Visual C++ will allign primitive types (see article) and while that should guarantee that it's bits won't get garbled while writing to memory (8 byte allignment is always in one 64 or 128 bit cache line) the rest depends on how CPU handles non-atomic data in it's cache and whether reading/flushing a cache line is interruptable. So if you dig through Intel docs for the kind of core you are using and it gives you that guarantee then you are safe to go.
The reason why Java spec is so conservative is that it's supposed to run the same way on an old 386 and on Corei7. Which is of course delusional but a promise is a promise, therefore it promisses less :-)
The reason I'm saying that you have to look up CPU doc is that your CPU might be an old 386, or alike :-)) Don't forget that on a 32-bit CPU your 8-byte block takes 2 "rounds" to access so you are down to the mercy of the mechanics of the cache access.
Cache line flushing giving much higher data consistency guarantee applies only to a reasonably recent CPU with Intel-ian guarantee (automatic cache consistency).
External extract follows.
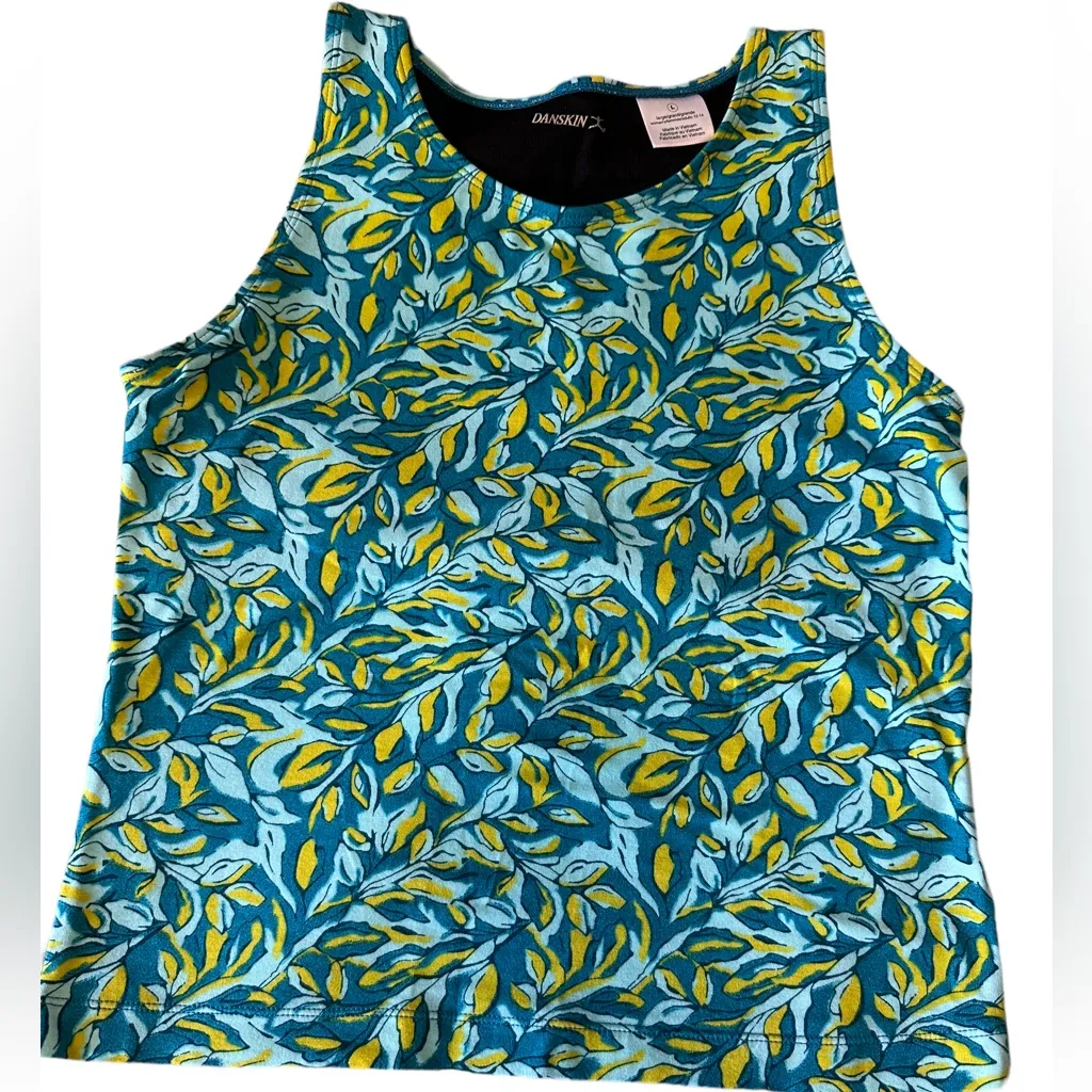 Danskin Women’s Blue & Yellow Built in bra Workout Top Size Large Excellent condition

I wouldn't think in any architecture, thread/context switching would interrupt updating a register halfway so that you are left with for example 18bits updated of the 32bits it was going to update. Same for updating a memory location ( provided that it's a basic access unit, 8,16,32,64 bits etc).
So has this question been answered? I ran a simple test program changing a double:
#include <stdio.h>
int main(int argc, char** argv)
{
double i = 3.14159265358979323;
i += 84626.433;
}
I compiled it without optimizations (gcc -O0), and all assignment operations are performed with single assembler instructions such as fldl .LC0 and faddp %st, %st(1). (i += 84626.433 is of course done two operations, faddp and fstpl).
Can a thread really get interrupted inside a single instruction such as faddp?
On a multicore, besides being atomic, you have to worry about cache coherence, so that the thread reading sees the new value in its cache when the writer has updated.